I wish I figured this out three months ago, but that's why you live, right? To figure out the things you wish you could apply retroactively to the rest of your life. But you can't, so you just keep trekking out into the world and hope to whatever sky-dwelling deity you prefer that you remember what you figured out for next time.

At Least Now I Know The Dutch Word For Chicken

Figuring out which soup is chicken in a Dutch supermarket when you're feverish is a daunting task. I could have asked someone, but simply forcing one foot to step in front of the other in a vaguely normal fashion felt like summiting Kilimanjaro without a sherpa or even a water bottle. Conquering my squeamish belief that it's rude to walk up to someone in a foreign country and assume they speak my language was really too much to ask on the day that the insides of my stomach made an abrupt and brutal reappearance. I insist on being a pansy about this, even though everyone in Amsterdam does speak my language - even the yoga classes are conducted half in Dutch, half in English. I should probably just get over myself. But conquering deeply entrenched beliefs and getting over oneself are definitely too much to ask when the only thing between you and what feels like death is a mug of chicken soup. All of this to say, would a convincing graphic of a plump and obvious chicken be too much to ask, Dutch soup makers?

NMmF_iEtBd
NMmF_iEtBd

Panda by Brian Andreas. Because he does things like that.
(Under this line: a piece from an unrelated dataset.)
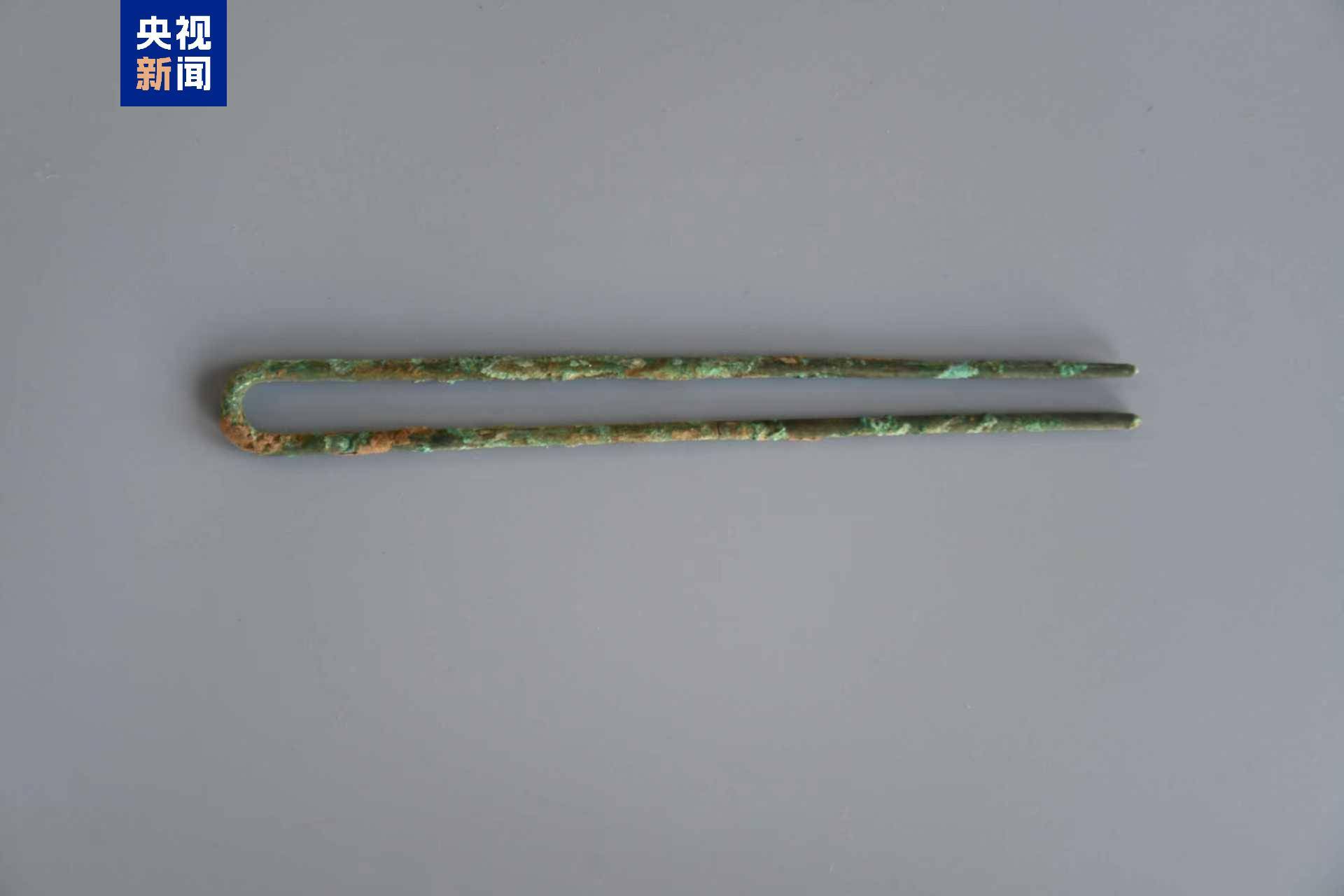 铜簪呈“U”形,由一根铜丝弯折而成,簪体的横截面为圆形。铜指环保存较好,部分有锈蚀,圆环状,横截面近圆形,素面。

Traveling by yourself to random countries for months at a time can get lonely. I'm pretty good at being alone. I'm even reasonably good at being lonely. But at some point, being good at something stops being a good reason to do it. So you start dating instead.

There was the Italian man who wore his hat through dinner. There was the man who somehow found me on a random bridge after I'd manage to miss the very obvious landmark at which we were supposed to meet. Two days in a row. I missed it twice. Despite having been there many times before. My brain is missing the GPS component that comes standard in most models.

But the true winner in my own personal Dating Olympics was the guy who went to the police station with me instead of to the museum. Because my purse had been stolen on my way to meet him. HI. I JUST MET YOU. HELP ME FIGURE OUT ALL MY SHIT.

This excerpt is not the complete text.